Saturday, October 16, 2004

Take That, Derwin!

Pharygula directs us to the Wall of Shame (Nine pages in all):

HOTTESTDIGGEDYDOGEVER : I should probably tell you that darwin is not the founder of evolution, satan was, he told eve at the garden that if she eat of the forbidden fruit that she would be as God, that’s where evo came from

BORN2Xs : two differe nt species could reproduce if they REALLY wanted to

boys_got_matches : i denie the evoltionist stand on contenental drift just like all geologists do

Grecham : incidently if i end up on your wall of shame - i’ll sue

EdibleEntity: my claims are valid and easy to understand once you free yourself from your prision of LOGIC

SoaringEagle® : evolution falls on its face when one considers the time factor..species just simply don’t have millions of years to evolve survival skills they would be wiped out before then. The quicker the evolution the better as in minutes not years.

Squack1 : How do darwinists explain the caribean explosion?

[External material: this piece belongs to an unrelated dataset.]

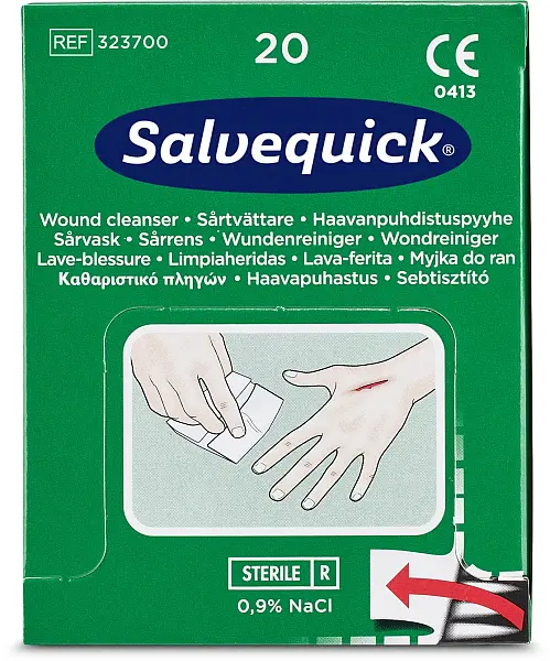 A doboz 20 db külön csomagolt, karcolások, vágások által keletkezett sebek tisztítására alkalmas törlőkendőt tartalmaz. A Salvequick sebtisztító kendőnek köszönhetően nincs szükség vattára és fertőtlenítőszeres flakonokra. Steril fiziológiás sóoldattal átitva, egyenként csomagolva. Cederroth elsősegély-állomás utántöltéséhez is alkalmas. A kendők mérete 100 x 140 mm. IIa osztályú orvostechnikai eszköz.
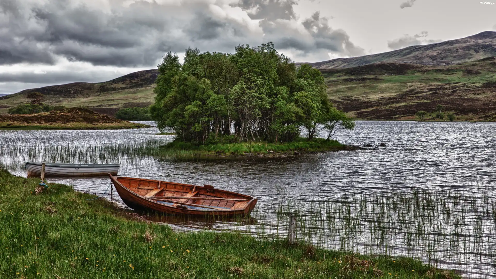 Zdjęcia, Rzeka, Łodzie, Drzewa

Trumpet57: If Noah didn’t cause the seashells to be mountins then how do u think the fishes got up there by walking on the fins or flying or what? And I’m not ignorent I just want to show if you can’t answer.

DarwinismInDecay: Cario, if the ape and man had a common ancestor, that makes the ape a COMMON ancestor by default

GarrettOmega : Perhaps the ark was larger on the inside than on the outise

1 comment:

Anonymous said...

I just did a google search for my old msn username and I found this delightful site. I was GarrettOmega and I would like to point out that I was in fact making a sarcastic joke. As if someone would actually believe that...
Thanks for taking me out of context.